-- Work to complete --
All of the data should be given again word for word, though the images are to be left out.

-- Supplied information --

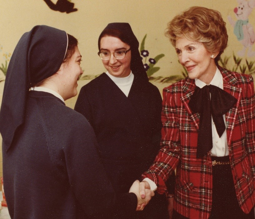 First Lady Nancy Reagan shakes hands with Sister Margaret Ann Wooden, then a Child Care Supervisor, as Head Administrator Sister Elyse Staab looks on.
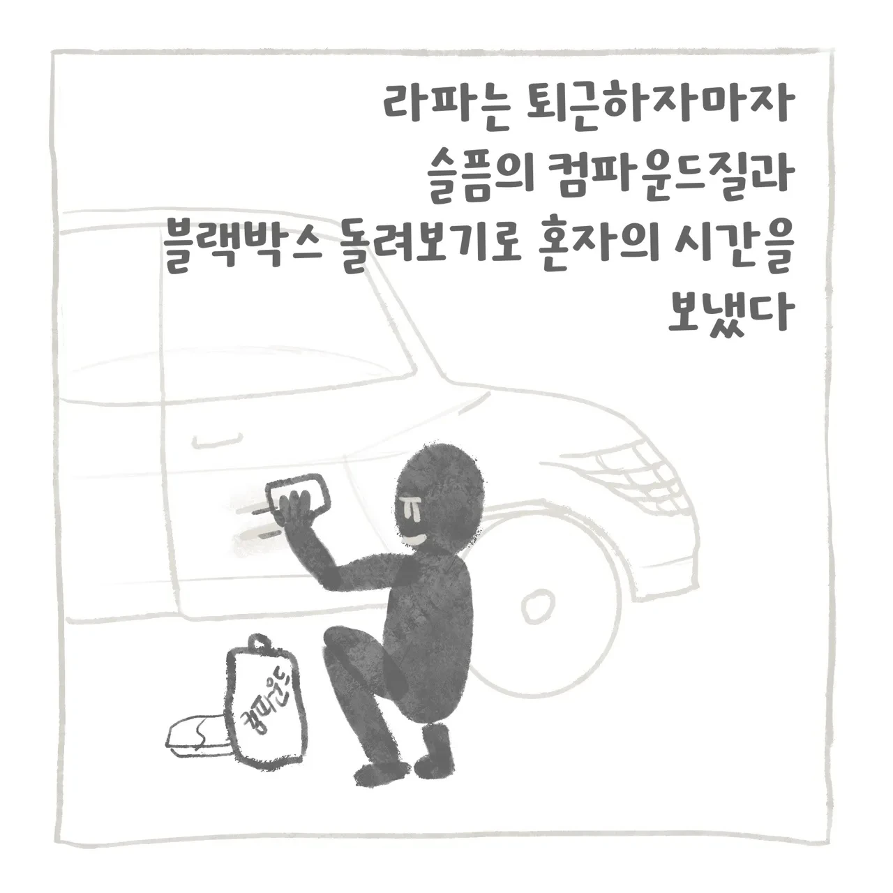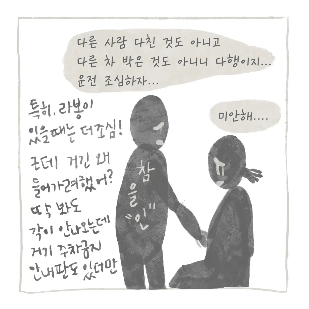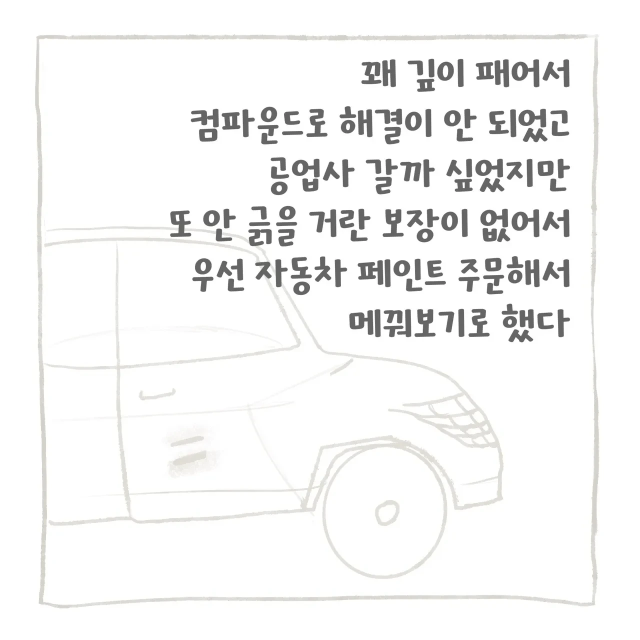 새 차 나온 지 두 달 정도 된, 3,000km도 안 탄... 정말 새 차 옆구리를 벅 긁어버린 라마. 라파는 물건을 깔끔히, 소중히 쓰는 타입이라 애지중지하는데 세차도 한번 못 해보고 컴파운드부터 하게 되었다며 속상해했다. 그 이후에도 월요일, 금요일 빠방 수난시대는 계속되는데... 언제쯤 익숙한 등원, 하원길이 될 것인가.(ㅠ)
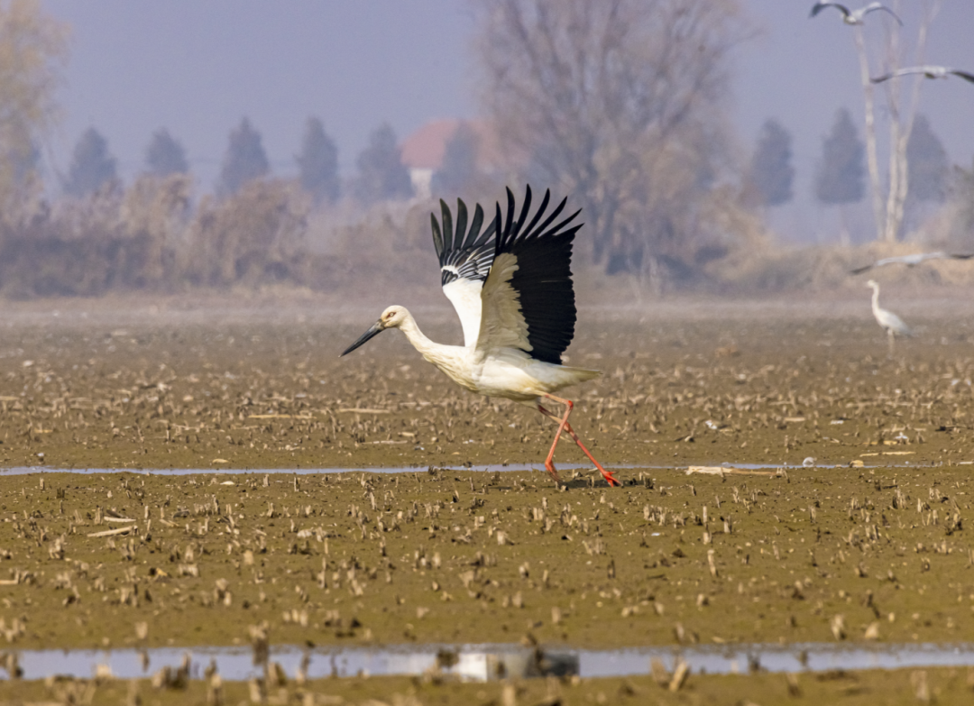 東方白鸛——國家一級重點保護野生動物,大型涉禽,體長110-115厘米。長而粗壯的嘴十分堅硬,呈黑色。身體上的羽毛主要為純白色,與黑色尾部形成強烈對比,翅膀寬而長,覆羽、飛羽為黑色,并具有綠色或紫色的光澤,腿、腳甚長,為鮮紅色。
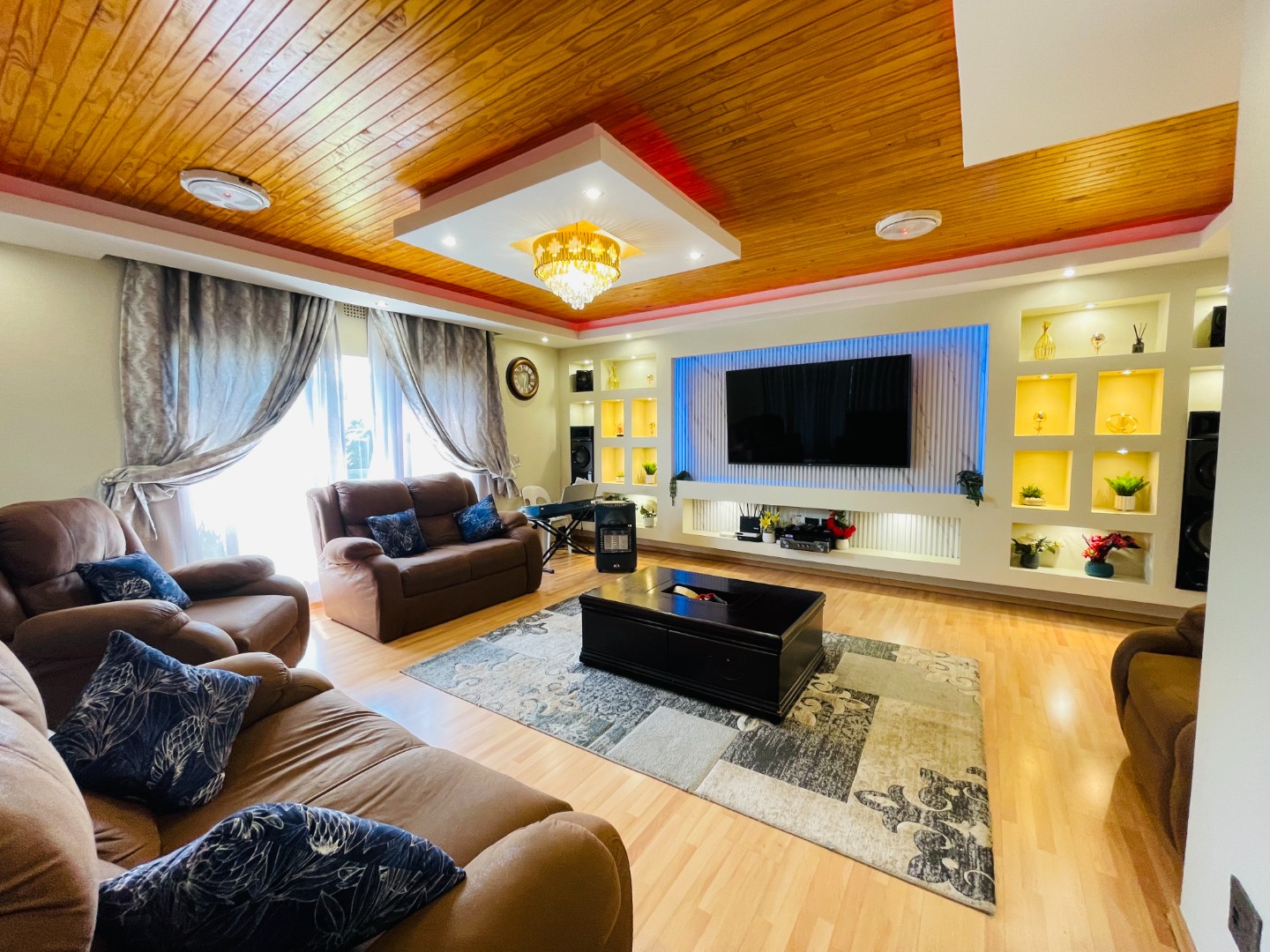 The property includes two garages, staff quarters, and a sparkling swimming pool perfect for summer days with family and friends. The large garden and generous outdoor space offer endless potential for relaxation, play, or future extensions.
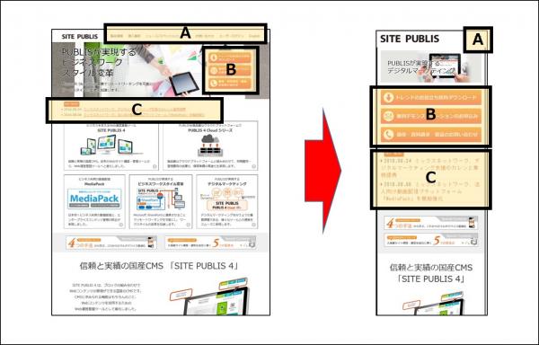 Webサイトを「ブロック」という単位の組み合わせで管理するSITE PUBLISの技術は、Webサイトにアクセスがあったデバイスに対し、構成を考慮したストレスフリーなページ表示を可能にします。
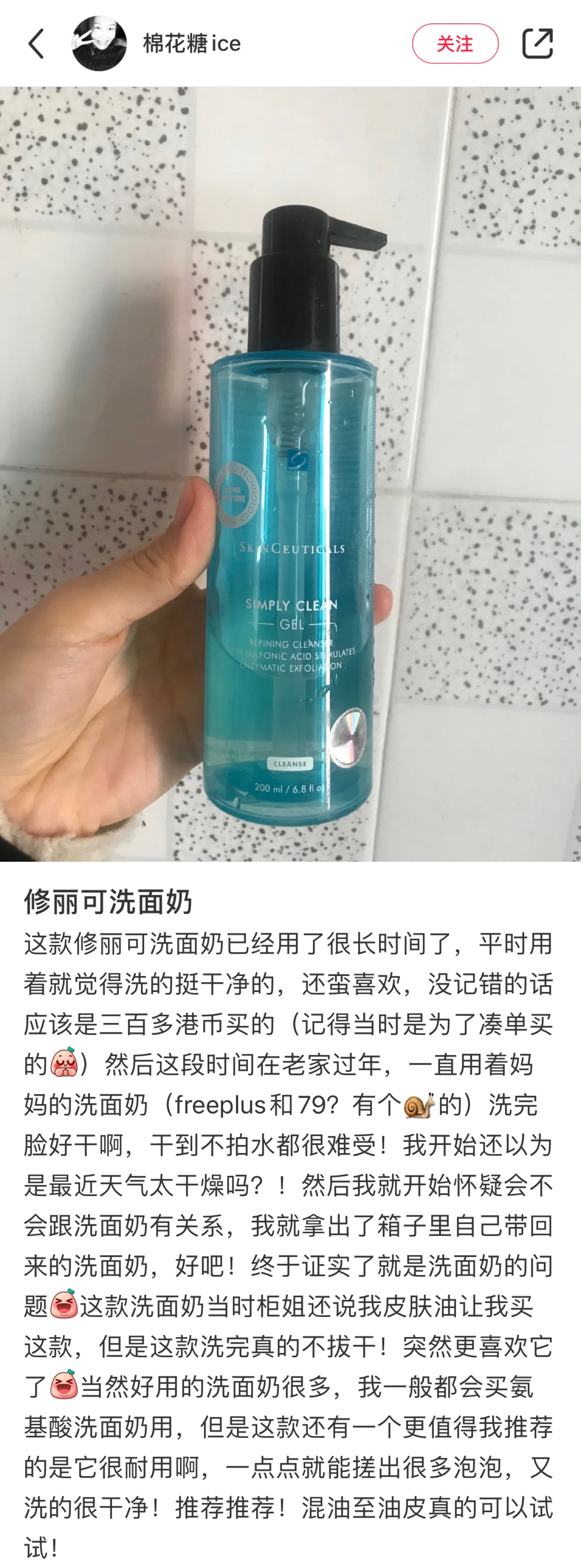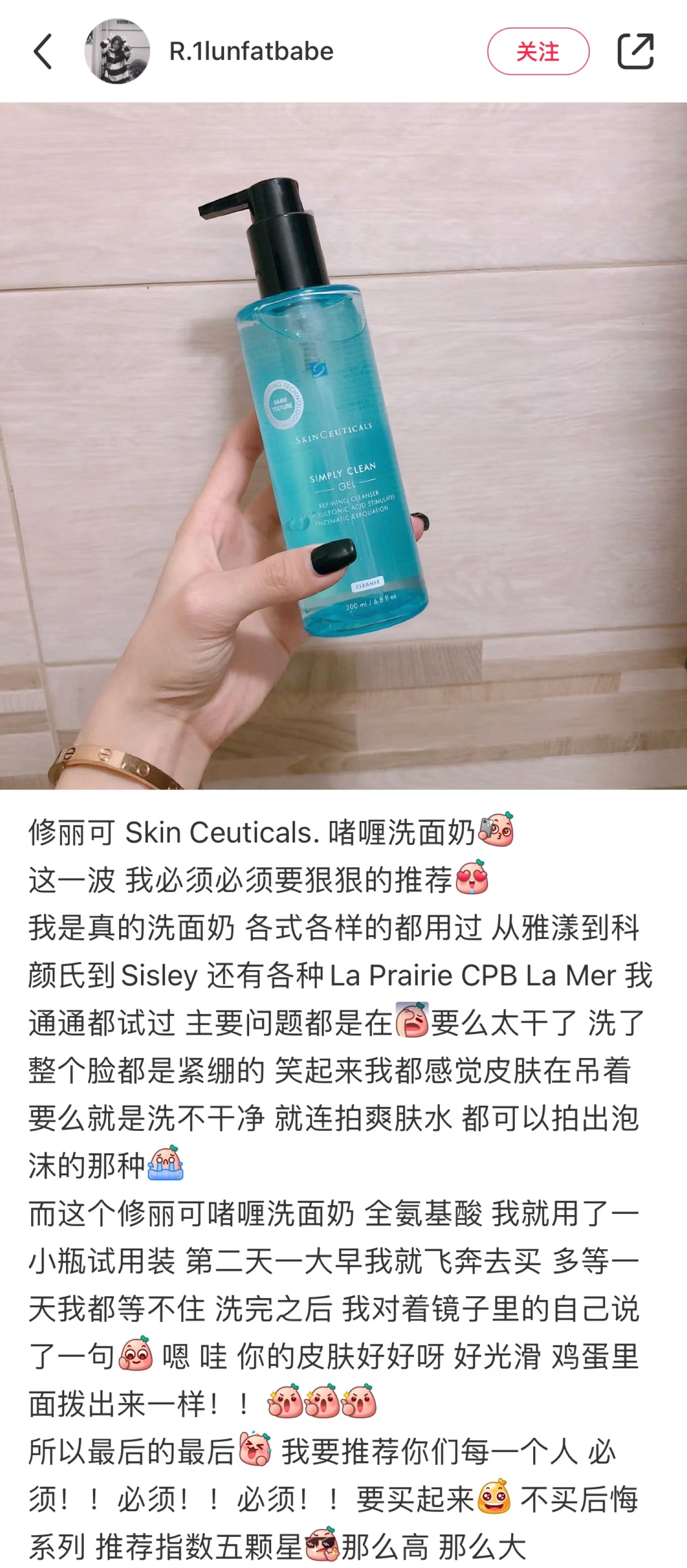 来上一款修丽可的新洁面,氨基酸,啫喱状,油皮痘肌实在不知道用什么洁面,选它就不会有错。

-- Your solution --
 First Lady Nancy Reagan shakes hands with Sister Margaret Ann Wooden, then a Child Care Supervisor, as Head Administrator Sister Elyse Staab looks on.
 새 차 나온 지 두 달 정도 된, 3,000km도 안 탄... 정말 새 차 옆구리를 벅 긁어버린 라마. 라파는 물건을 깔끔히, 소중히 쓰는 타입이라 애지중지하는데 세차도 한번 못 해보고 컴파운드부터 하게 되었다며 속상해했다. 그 이후에도 월요일, 금요일 빠방 수난시대는 계속되는데... 언제쯤 익숙한 등원, 하원길이 될 것인가.(ㅠ)
 東方白鸛——國家一級重點保護野生動物,大型涉禽,體長110-115厘米。長而粗壯的嘴十分堅硬,呈黑色。身體上的羽毛主要為純白色,與黑色尾部形成強烈對比,翅膀寬而長,覆羽、飛羽為黑色,并具有綠色或紫色的光澤,腿、腳甚長,為鮮紅色。
 The property includes two garages, staff quarters, and a sparkling swimming pool perfect for summer days with family and friends. The large garden and generous outdoor space offer endless potential for relaxation, play, or future extensions.
 Webサイトを「ブロック」という単位の組み合わせで管理するSITE PUBLISの技術は、Webサイトにアクセスがあったデバイスに対し、構成を考慮したストレスフリーなページ表示を可能にします。
 来上一款修丽可的新洁面,氨基酸,啫喱状,油皮痘肌实在不知道用什么洁面,选它就不会有错。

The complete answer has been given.